It will cover 73,000 desktops, 200 systems, 20 ICL mainframes, and 177 IBM and Hewlett-Packard Unix boxes. The sheer size of the deal has lead the Revenue to begin the process at this early stage.
BT’s services arm Syntegra will lead a team consisting of BT Ignite, and the research and development unit BT Exact.
‘It is a prestige contract and we have put together a team we are confident can win,’ said a BT spokesman.
The shortlist was drawn up after over 100 expressions of interest and four firm bids. Those selected will all now have access to the Revenue’s IT systems between now and October, when the invites to tender will be sent out. A final decision is expected by the end of next year.

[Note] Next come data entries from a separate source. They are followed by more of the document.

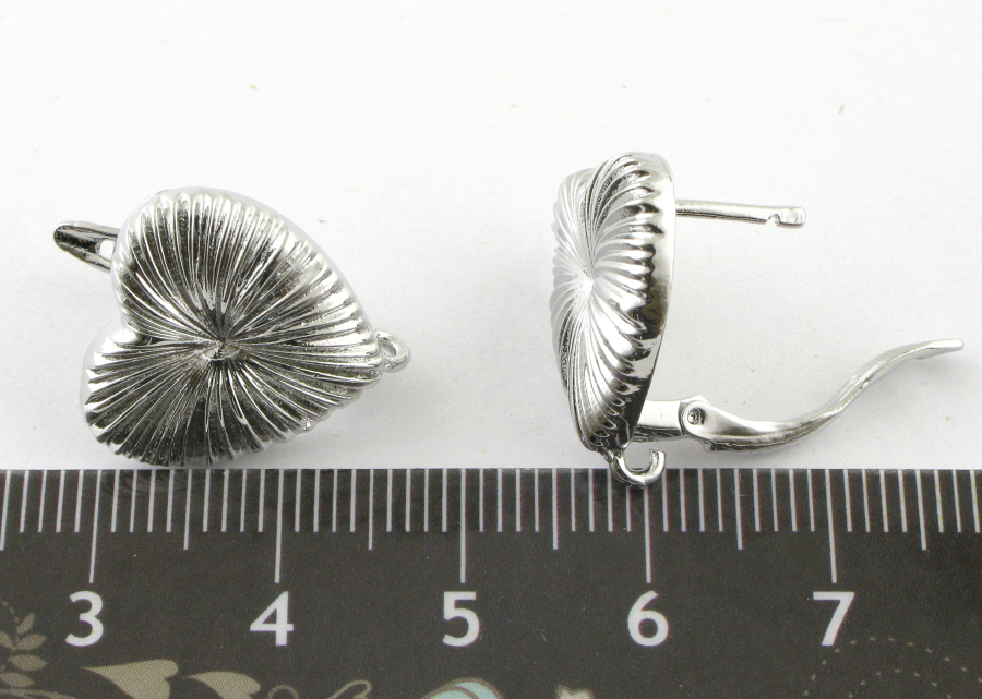 Основы для серег (швензы) Сердце с анг.замком Премиум, латунь с покрытием, родий
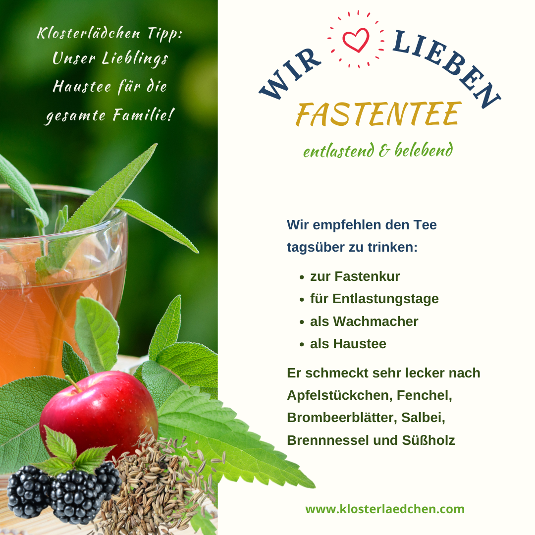 Die Kräuterteemischung eignet sich ideal als Teegetränk während der Fastenzeit. Der Fastentee bestehend aus Fenchel, Salbei, Süßholzwurzel und weiteren typischen Hildegard-Kräutern, hinterlässt einen angenehmen Geschmack und ist aber auch das gesamte Jahr über zu genießen.
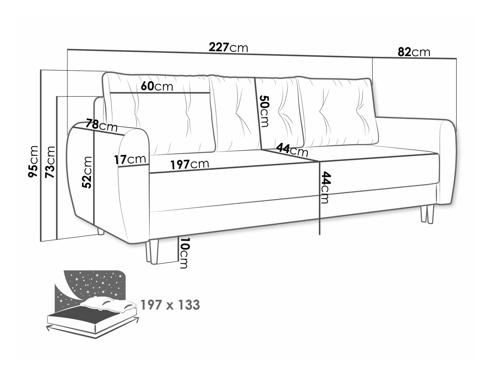 Længde på soveområde:
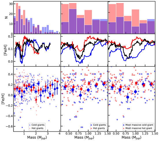 In the middle column of Figure 9, one can see that both hot- and cold-Jupiters show a dip in metallicity at about ∼0.8 M, although the dip of cold Jupiters is more apparent. The main reason of separating hot and cold Jupiters is that orbital periods of giant planets correlate with the host star metallicity: long-period Jovians tend to orbit more metal-poor stars than hot-Jupiters, e.g., [138,160,161,162]. This correlation can be seen in Figure 9 as well, where the red squares and red curve lie above the blue circles and the blue curve. To make the description of planets inside and outside of the metallicity dip easier and shorter, the planets inside the dip will be called ‘sub-Jupiters’, and the planets with masses higher and lower than the sub-Jupiters will be called ‘Jupiters’ and ‘Saturns’, respectively.

‘Capability as a strategic partner, to deliver the Inland Revenue’s services requirement, to deliver technology enabled change and innovation, and in transition management,’ were the key criteria used to draw up the shortlist, said a Revenue spokesman.
But MPs, market watchers and rivals have expressed concerns that the competition is loaded against those bidding against EDS.
A Public Accounts Committee in 2000 asked for assurances on an open and fair process after being told EDS had been sanctioned 100 times in five years by the Revenue for failing to satisfy its service level agreement, resulting in penalties totalling £2.5m.
And Inland Revenue IT director, John Yard, has repeatedly claimed the new contract would not automatically go to EDS and Accenture.
‘Other organisations have a very good chance of being able to win this competition,’ he told Computing last year.
But analysts claim the fact none of EDS’s major rivals, including IBM Global Services and Computer Sciences Corporation (CSC), have made the shortlist proves otherwise.
“My initial reaction is one of surprise,” said UK services market analyst Richard Holway.
‘The closest BT would come to undertake this would be Syntegra or BT Ignite, but neither has taken on anything of this magnitude before, and CGEY is not really involved in large scale outsourcing contracts.’
CSC was expected to bid for the contract but told Computing it felt there was no realistic chance of ousting EDS.
‘CSC looked seriously at bidding for the Inland Revenue outsourcing contract but through our own choice decided against bidding,’ said a CSC spokeswoman.
‘Having looked at the scope and structure of the deal CSC felt that there was not an opportunity to mount a serious bid against the Inland Revenue’s incumbent outsourcing provider.’
It is a constant criticism that has been levelled at the Revenue that the cost of bidding for a contract likely to stay with EDS would put companies off.
To counter this the Revenue has said it will consider meeting those costs, estimated at up to £10m, in order to encourage competition.
A decision has yet to be made though, said a Revenue spokesman.
‘We are still considering what our approach to bid costs will be. We will review the position as the competition progresses.’
None of the bidders would comment on whether they expected the costs to be paid for by the Revenue, but both EDS and CGEY said they were “delighted” to be selected.